Нет, не только у мальчика… Все это осталось и сейчас, в сознании взрослого Ш. — сколько мы можем найти синестезических ощущений и диффузных переживаний, если разберемся в том, что так часто встречается в его восприятии и что характерно для его сознания. Вот только несколько примеров.

«Вот раздался звонок… прокатился кругляшок перед глазами — пальцы ощутили что-то такое неровное, как веревка, а затем — вкус соленой воды… и что-то белое…»

Здесь всё: звонок вызывает непосредственный зрительный образ. Он имеет тактильные свойства, белый цвет, он соленый на вкус. Эти синестезии сохраняются во всех ощущениях, во всех переживаниях внешнего мира.

«…Я сижу в ресторане — и музыка… Вы знаете, для чего музыка? При ней всё изменяет свой вкус… И если подобрать ее как нужно, все становится вкусным… Наверное, те, кто работает в ресторанах, хорошо знают это…»

И еще:

«…Я всегда испытываю такие ощущения… Сесть на трамвай. Я испытываю на зубах его лязг… Вот я подошел купить мороженое, чтобы сидеть, есть и не слышать этого лязга. Я подошел к мороженщице, спросил, что у нее есть.

«Пломбир!» Она ответила таким голосом, что целый ворох углей, черного шлака выскочил у нее изо рта, — и я уже не мог купить мороженое, потому что она так ответила… И вот еще: когда я ем, я плохо воспринимаю, когда читаю, вкус пищи глушит смысл…» (опыт 22/V 1939 г.).
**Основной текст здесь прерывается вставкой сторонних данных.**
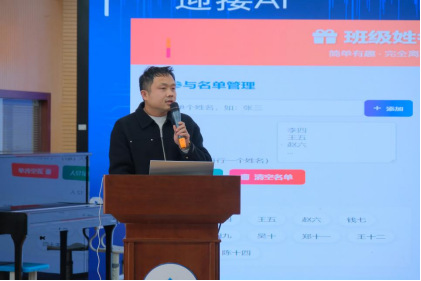 瓯海区学生实践学校翁万林老师压轴出场,主讲《人机协同新范式:AI平台教学案例深度解析与创新设计》。他现场演示了利用“扣子”“灵光”等平台快速生成“智慧露营”智能体、数学错题讲解工具以及“人民币找零”“追及问题”等互动式课件,让抽象技术化为可感可用的课堂利器。
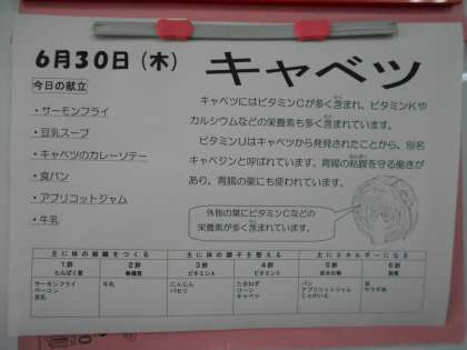 本日の給食で登場したキャベツのカレーソテーに使われているキャベツは、ビタミンCがたくさん含まれており、食卓でも様々なメニューで使われている栄養たっぷりの野菜です。
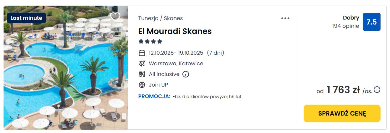 Odpocznij w Tunezji w położonym w przy plaży w 4* hotelu El Mouradi Skanes z All inclusive. Hotel oferuje między innymi: 2 baseny zewnętrzne, zjeżdżalnie wodne, animacje, zajęcia sportowe, atrakcje dla dzieci, 2 restauracje, 3 bary. Ocena gości 7,5/10 na Wakacje.pl.
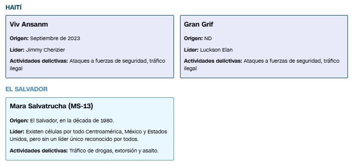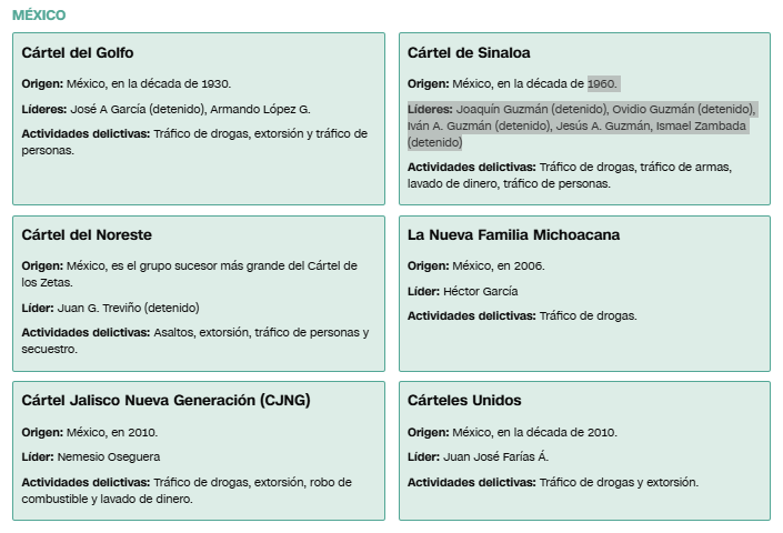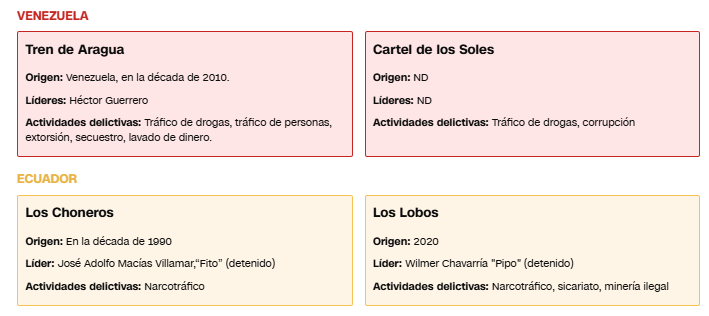 Fuente: Informe del Servicio de Investigación del Congreso (CRS), DEA, El Departamento de Estado de EE.UU., Insight Crime., Oficina de Control de Activos Extranjeros (OFAC) del Departamento del Tesoro de EE.UU.
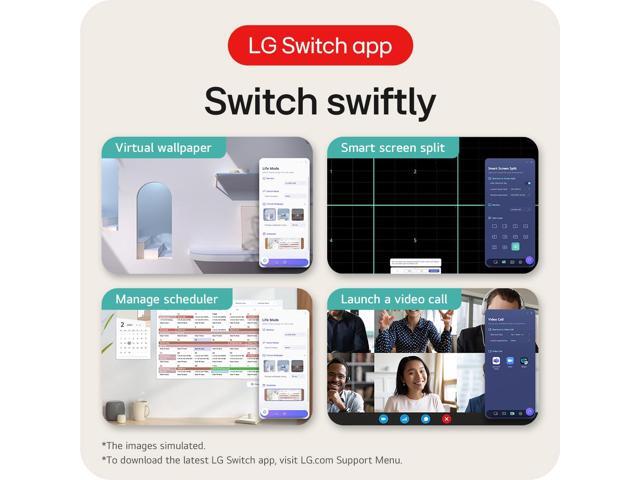 - You can divide the entire display into 6 through the app, change the theme design, and launch the video calling platform with mapped hotkeys with LG Switch app.

«…Я выбираю блюда по звуку. Смешно сказать, что майонез — очень вкусно, но «з» портит вкус… «з» — несимпатичный звук…»

«Я долго не мог есть рябчиков, ведь «рябчик» — это что-то прыгающее. И если плохо написано в меню, я уже не могу есть… блюдо кажется мне такое замызганное…»

«Вот что со мною было… Я прихожу в столовую… Мне говорят, хотите коржиков, а дают булочки… Нет, это не коржики… «Коржики» — «р» и «ж» — они такие твердые, хрустящие, колючие…»

Весь его мир не такой, как у нас. Здесь нет границ цветов и звуков, ощущений на вкус и на ощупь… Гладкие холодные звуки и шершавые цвета, соленые краски и яркие светлые и колючие запахи… и все это переплетается, смешивается, и уже их трудно отделить друг от друга…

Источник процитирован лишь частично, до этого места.